Why the Pope was an Eli Wallach fan

Editor’s Note: Carrie Rickey is the former movie critic of The Philadelphia Inquirer. Follow her on Twitter: @CarrieRickey

Story highlights

Carrie Rickey: The late charactor actor Eli Wallach told a story that the Pope sent him a fan letter

She says Wallach was great at playing bad guys and was often cast as an "American ethnic"

He acted with big names in film -- Eastwood, Gable, Stiller -- but his love was theater

Rickey: He worked well into his 90s; beloved for monologues, wit and professionalism

CNN  — 

Even the Pope was one of Eli Wallach’s biggest fans. So said the cheeky chameleon of an actor when he received an honorary Oscar in 2010 and remarked that the pontiff – he didn’t say which one – wrote him a fan letter extolling his performance as the bandito Calvera in “The Magnificent Seven” (1960).

This struck Wallach as odd.

“I’ve played more bandits, thieves, killers, warlords, molesters and Mafiosi than you can shake a stick at,” he said. No doubt he got a pass from the Pope because as the bad guy, the famed character actor, who died Tuesday at 98, had a smile as lethal as his aim.

Carrie Rickey

The most beloved of his screen roles were as Calvera in “Magnificent Seven” and Tuco, the opportunistic robber, who was sometimes an ally but more often the adversary of Clint Eastwood in the 1966 Sergio Leone spaghetti Western “The Good, the Bad and the Ugly.”

But surely Wallach, a prolific actor who made more than 50 films and almost as many television appearances, possessed the universal blood type. His screen niche was the American ethnic. In addition to Hispanics, his characters included Arabs, Greeks, Italians and Poles.

He appeared in films large and small, from “The Misfits” (1961), where he played a mechanic besotted by Marilyn Monroe, to “Baby Doll,” his 1956 screen debut as Silva Vacarro, the wily cotton planter who aims to deflower his rival’s virgin bride, Carroll Baker.

Sometimes he was the lead, more often the supporting player. But when Wallach was on screen, you forgot that Eastwood, Clark Gable or Ben Stiller was next to him.

Occasionally the sinewy Wallach– born to a Jewish family in 1915 in what then was the predominantly Italian-American neighborhood of Red Hook, Brooklyn – played a Jew. Like the rabbi who helps convert Gentile Jenna Elfman so she can marry Stiller in “Keeping the Faith” (2000). And the aging screenwriter who befriends Kate Winslet in “The Holiday” (2006).

Though he made more than 50 films, Wallach treated movies as a way to finance his work in theater: “I don’t live to act, I act to live,” he said.

Indeed, he was set to make his film debut as Maggio, the character Frank Sinatra ultimately played in “From Here to Eternity,” in 1953 (Sinatra won an Oscar). Instead, he chose to appear on stage in “Camino Real.”

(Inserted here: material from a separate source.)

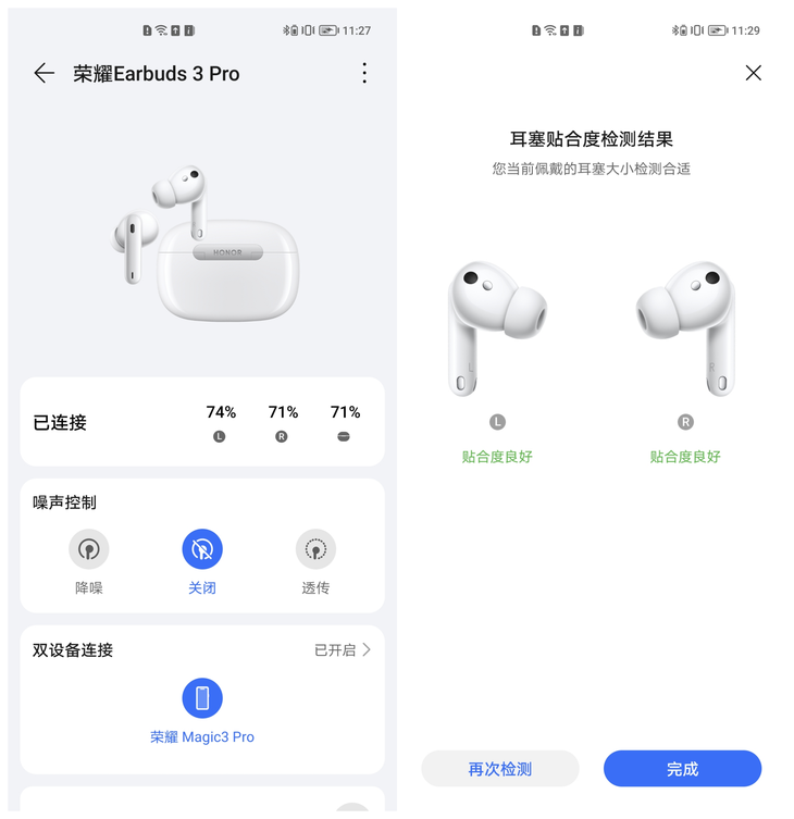 荣耀Earbuds 3 Pro支持触控以及滑动等操作,可以实现播放/暂停,音量调整等功能。当开启降噪时,如果需要与他人沟通,那么也可以通过触控的方式开启耳机的通透模式,可以更清晰的听到外界的声音。

He was a founding member of The Actors Studio and appeared in 30 Broadway plays. Among his triumphs were Tennessee Williams’ “The Rose Tattoo” (1951) and “Camino Real” (1953); the latter earned him a Tony Award.

Among his personal triumphs: Wallach and his wife, actress Anne Jackson, with whom he often appeared on stage from the 1960s through 1990s, were married 66 years. (The secret of their marital longevity, claimed Jackson, was that her husband did the ironing.)

A captivating storyteller who first gained attention as a student at the Actors Studio for his monologues about his time as an Army medic in World War II clearing soldiers out of brothels, Wallach was beloved by directors and co-stars as much for his humor as his professionalism.

In his 2005 memoir, “The Good, the Bad and Me.” he claimed that the role of Mr. Freeze, the subzero doctor who turns adversaries into ice in the 1960s TV show “Batman,” was responsible for the largest percentage of his fan mail. Nothing else came close, not even his role of dapper Don Altobello in “The Godfather, Part III.”

He continued working well into his 90s, in roles such as the liquor-store proprietor in “Mystic River” (2003) and a financial bigwig in “Wall Street: Money Never Sleeps” (2010), his last movie.

And Wallach left ‘em laughing: When he received his honorary Oscar in 2010, he told the joke about the nonagenarian whose friends send a hooker to house for his birthday. When she arrives, and promises the man “super sex,” he says, “I guess I’ll take the soup.”